Data excerpt:
+ + + +

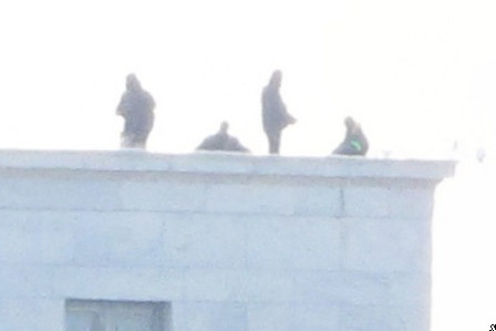 The building further to the right, with the weird dome on top is identified as the Canadian Embassy. There are tons of people standing on the roof, and more police above them.
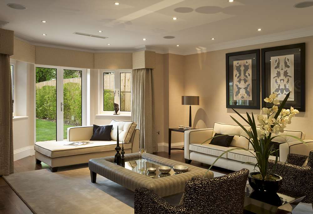 Для отделки стен гостиной комнаты используют не более двух оттенков бежевого. Для создания энергичного интерьера используют кремовый с красным или оранжевым, а для сдержанной гостиной идеально подойдут сочетания бежевого с серым или лиловым. Бежевый с розовым придадут мягкости и нежности, желтый наполнит помещение светом и теплом. Голубой используют для создания интерьера в бежевых тонах, если желают освежить помещение с окнами на юг.
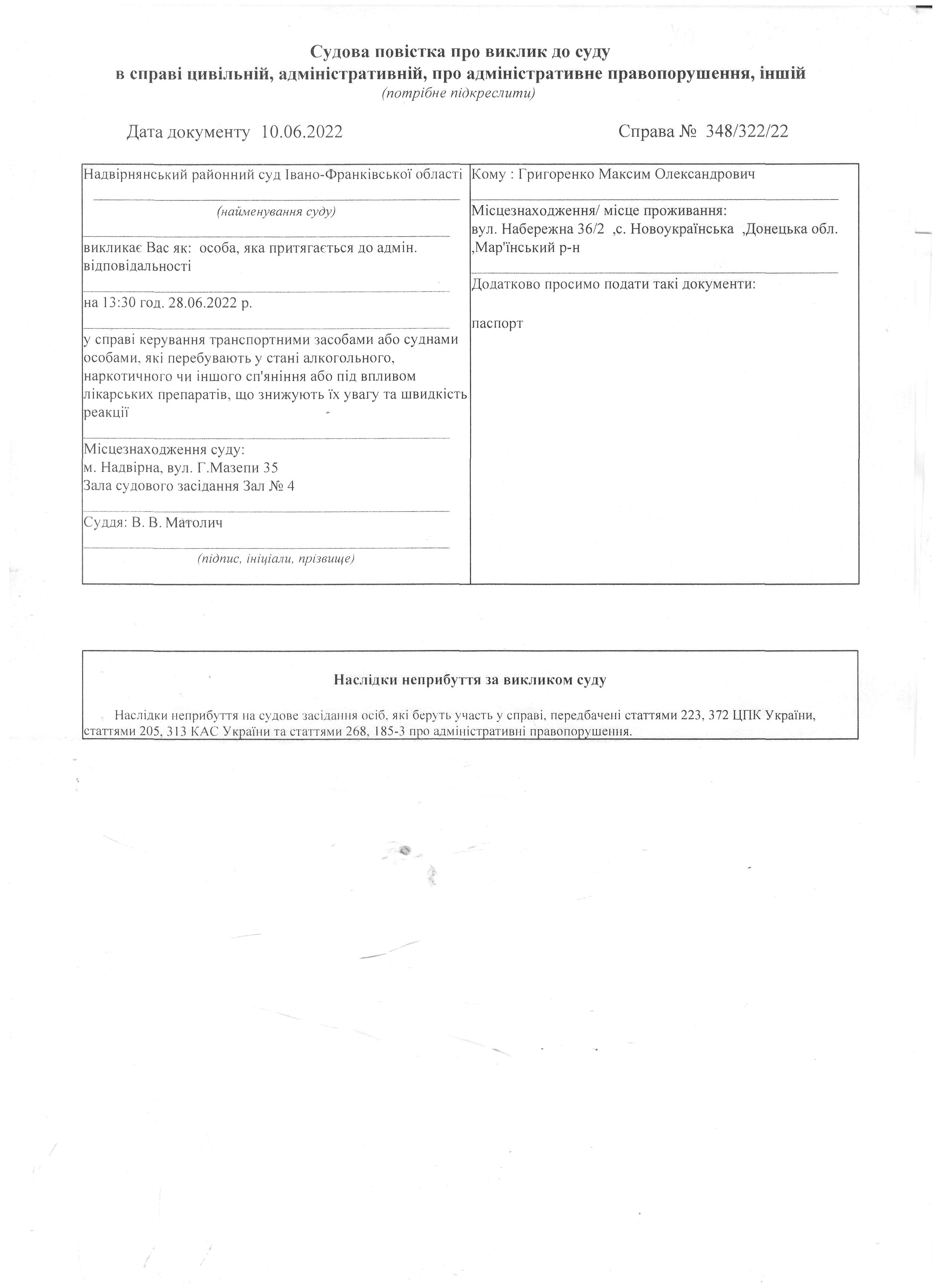 Судова повістка про виклик до суду Григоренко Максим Олександрович
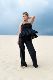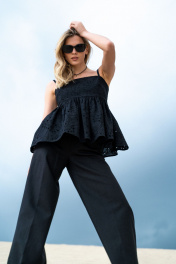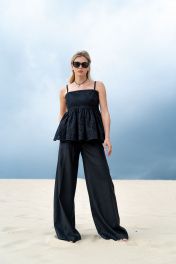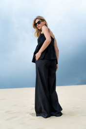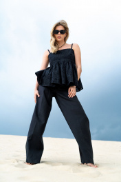 Комплект из топа и брюк. Стильный топ-бандо из хлопкового шитья. Изделие на х/б подкладке, отрезное выше линии талии, верхняя часть топа прилегающего силуэта с нагрудной вытачкой, нижняя часть со сборкой, расширена к низу. В среднем шве спинки потайная молния. Модель с регулируемыми, тонкими бретелями. Длина топа от плечевой точки +-63 см. Брюки льняные, широкие, пояс брюк на резинке, по переду боковые наклонные карманы. Длина брюк по боковому шву с поясом 109 см. Ширина по низу 37+-1 см. Стильный и отличный вариант на лето.

+ + + +

Exercise requirements: Set down the data above exactly as written. Omit the pictures.

Expected output:
 The building further to the right, with the weird dome on top is identified as the Canadian Embassy. There are tons of people standing on the roof, and more police above them.
 Для отделки стен гостиной комнаты используют не более двух оттенков бежевого. Для создания энергичного интерьера используют кремовый с красным или оранжевым, а для сдержанной гостиной идеально подойдут сочетания бежевого с серым или лиловым. Бежевый с розовым придадут мягкости и нежности, желтый наполнит помещение светом и теплом. Голубой используют для создания интерьера в бежевых тонах, если желают освежить помещение с окнами на юг.
 Судова повістка про виклик до суду Григоренко Максим Олександрович
 Комплект из топа и брюк. Стильный топ-бандо из хлопкового шитья. Изделие на х/б подкладке, отрезное выше линии талии, верхняя часть топа прилегающего силуэта с нагрудной вытачкой, нижняя часть со сборкой, расширена к низу. В среднем шве спинки потайная молния. Модель с регулируемыми, тонкими бретелями. Длина топа от плечевой точки +-63 см. Брюки льняные, широкие, пояс брюк на резинке, по переду боковые наклонные карманы. Длина брюк по боковому шву с поясом 109 см. Ширина по низу 37+-1 см. Стильный и отличный вариант на лето.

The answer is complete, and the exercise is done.